Thunder Bay

Thunder Pride hits fundraising goal for rainbow crosswalk

Thunder Pride has raised $10,000 to contribute to the cost of adding rainbow paint to a crosswalk in Thunder Bay's Bay and Algoma neighbourhood.
Thunder Pride Association chair Jason Veltri says the organization has raised $10,000 to support the installation of a rainbow crosswalk. (Matt Vis/CBC)

The dream of bringing a rainbow crosswalk to Thunder Bay, Ont., is much closer to reality.

The Thunder Pride Association on Thursday announced it had raised $10,000 in just 60 days for the project, which would install coloured thermoplastic paint on a crosswalk at the intersection of Algoma and Bay streets to show support for the LGBTQ community.

Thunder Pride chair Jason Veltri said the crosswalk represents more than just paint on a road.

"This is about creating a meaningful and lasting project that shows people that are still potentially struggling with their identity – sexual or gender – that they are seen and heard and that when they're ready, they're accepted in our community," Veltri said.

The fundraising campaign had 105 separate donors and included support from local businesses.

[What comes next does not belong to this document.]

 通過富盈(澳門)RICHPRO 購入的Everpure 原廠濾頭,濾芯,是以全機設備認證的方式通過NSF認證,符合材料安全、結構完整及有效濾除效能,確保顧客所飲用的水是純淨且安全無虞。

As well, project contractor Northwest Lines has committed to covering another third of the estimated $28,000 project cost.

"The support from the business community, including Northwest Lines coming on board with a cost share proposal, was one of the most special things about this project now," Veltri said. 

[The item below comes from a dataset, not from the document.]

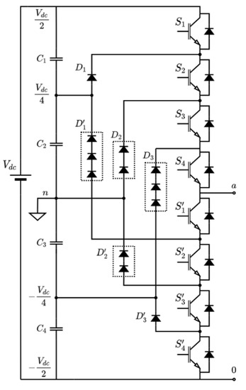 A large variety of DC/AC converters (inverters) are available—see, for example, [45,46,47]. The basic operation of an inverter is to generate an output voltage with a stepped waveform from a DC input voltage. Increasing the number of voltage levels makes the stepped waveform approach a sinusoidal AC waveform [48]. As an example of a DC/AC converter that could be used in a DC collection grid, a five-level diode-clamped inverter is illustrated in Figure 13. The diodes are used to balance the voltage over the switches, and, for five levels, the required voltage blocking level of the switches is . The reverse-blocking voltage of the diodes will, however, differ. The diodes and need to be able to block . For larger DC voltages, it will, therefore, be necessary to series-connect multiple diodes. If all diodes are assumed to have the same rating, the number of diodes needed in one phase will be given by , where m is the number of voltage levels of the inverter [47]. The number of diodes is, therefore, increased quadratically with regards to . This quadratic increase in the number of diodes usually puts a feasibility limit on the number of voltage levels of the converter at five levels [47]. After five levels, the number of diodes needed to be connected in series becomes unmanageable.

"It really does show we're doing the right thing in creating these types of projects within our community and that these types of projects can be supported by business, municipal government and community service organizations."

Coun. Shelby Ch'ng, who last November brought forward a motion that was unanimously supported by city council to include the project for consideration in the 2020 municipal budget, said she thinks a crosswalk will help show people growing up in Thunder Bay that it's OK to be different.

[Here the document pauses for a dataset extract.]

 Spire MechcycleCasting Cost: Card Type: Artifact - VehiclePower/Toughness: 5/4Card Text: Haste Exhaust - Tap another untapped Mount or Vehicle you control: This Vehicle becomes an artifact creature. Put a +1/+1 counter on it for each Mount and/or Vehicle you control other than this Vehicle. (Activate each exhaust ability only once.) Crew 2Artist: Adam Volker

"I think we're finally able to demonstrate that we're an inclusive and welcoming space, and we want to move towards that," Ch'ng said. "It's really easy to say we're trying to move towards it, but this is a physical representation of what we're trying to do in the city."

Veltri acknowledged there has been some negative commentary on social media about the project, including threats of vandalism but said there was strong community support in favour of the crosswalks.

"It does show that we need a project like this," Veltri said.

"We need the crosswalk for a multitude of reasons, one of them being people don't see themselves in our community yet. They want to feel included and inclusive of our community, and this is one meaningful step in the direction of creating that inclusion within our community."

The city's share of funding is still subject to budget approval. There are also plans to add a rainbow crosswalk at the intersection of May and Donald streets outside city hall.